Mélenchon, Attal, Bardella, Retailleau : la coupure d’Anthropic les met tous d’accord

Tapis rouge politique

 
En coupant l’accès à ses IA les plus puissantes sur ordre de Washington, Anthropic a offert à la classe politique française un sujet de campagne inattendu. De Jean-Luc Mélenchon à Jordan Bardella, tout le monde réclame désormais une IA souveraine.

L’histoire commence aux États-Unis, mais elle a traversé l’Atlantique en quelques heures. Vendredi soir, le secrétaire américain au Commerce Howard Lutnick a sommé Anthropic, par lettre, de bloquer Fable 5 et Mythos 5 pour tout ressortissant étranger, au nom du contrôle des exportations et de la sécurité nationale. Résultat : l’entreprise a dû couper ses deux modèles les plus puissants trois jours seulement après leur lancement. Anthropic conteste le motif invoqué, une histoire de « jailbreak » qu’elle juge mineure, et a saisi la justice.

En France, la réaction a été immédiate et transpartisane. Pour une fois, du RN à LFI, à peu près tout le monde dit la même chose : dépendre d’une technologie qu’un gouvernement étranger peut éteindre du jour au lendemain, ce n’est plus tenable. À un an de la présidentielle, le sujet tombe à pic.
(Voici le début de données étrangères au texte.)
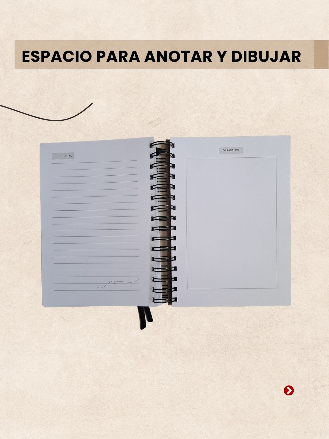También la agenda cuenta con un planificador mensual, semana a la vista, espacio para anotar y dibujar, stickers, bolsillo y anillado metálico.

La souveraineté, nouveau réflexe de campagne

Jordan Bardella (RN) y voit un « sujet de souveraineté nationale majeur » et presse Paris d’accélérer son soutien à Mistral. Gabriel Attal (Renaissance) signe la sortie la plus martiale : « la guerre de l’IA a déjà commencé », deux camps, les gagnants et les perdants, et un risque de « vassalisation totale de la France ». Sa formule qui claque : Anthropic est « leur détroit d’Ormuz », un verrou qu’on peut fermer à volonté. Il en fait l’un des quatre chantiers de sa campagne, à financer en partie par la retraite par capitalisation qu’il défend.

Édouard Philippe (Horizons) file la même image : l’IA est une infrastructure critique, « aussi essentielle que l’électricité ou Internet », et il réclame un « Buy European Tech Act » assorti d’un accès préférentiel à l’électricité décarbonée pour les Européens. À gauche, Jean-Luc Mélenchon refuse que la France devienne « une colonie numérique des USA », tout en notant que la décision de Trump ressemble aussi à un règlement de comptes avec Amodei, ce patron qui défend une IA éthique et s’est affiché aux côtés du pape pour son encyclique sur le sujet. Bref, le diagnostic fait consensus. Le remède, beaucoup moins.

Bruno Retailleau, lui, invite carrément Anthropic à Paris

Bruno Retailleau (LR), ancien ministre de l’Intérieur et candidat à 2027, va un cran plus loin que les formules d’alerte.

Dans son message, le sénateur s’adresse directement à Dario Amodei, le CEO d’Anthropic : « vous êtes les bienvenus à Paris ». Il l’invite à venir développer l’entreprise en France, promet un programme de retour au pays pour les experts français de l’IA et réclame trois leviers : une commande publique réorientée vers le souverain, des infrastructures et un allègement des règles pour les chercheurs.

Sauf qu’Anthropic vient justement d’être débranchée parce que Washington la tient par le contrôle des exportations. Une boîte américaine sous tutelle de son propre État ne déménage pas son siège d’un claquement de doigts. L’invitation tient donc plus du marqueur politique que du plan industriel.

Au fond, cette histoire américaine a réussi ce qu’aucun rapport parlementaire n’avait obtenu : mettre l’IA souveraine au centre du jeu.

Reste que brandir Mistral entre deux tweets ne fabrique pas un modèle de frontière, et entre l’électrochoc et les dizaines de milliards qu’il faudrait aligner pour combler l’écart, personne n’a encore sorti la calculette.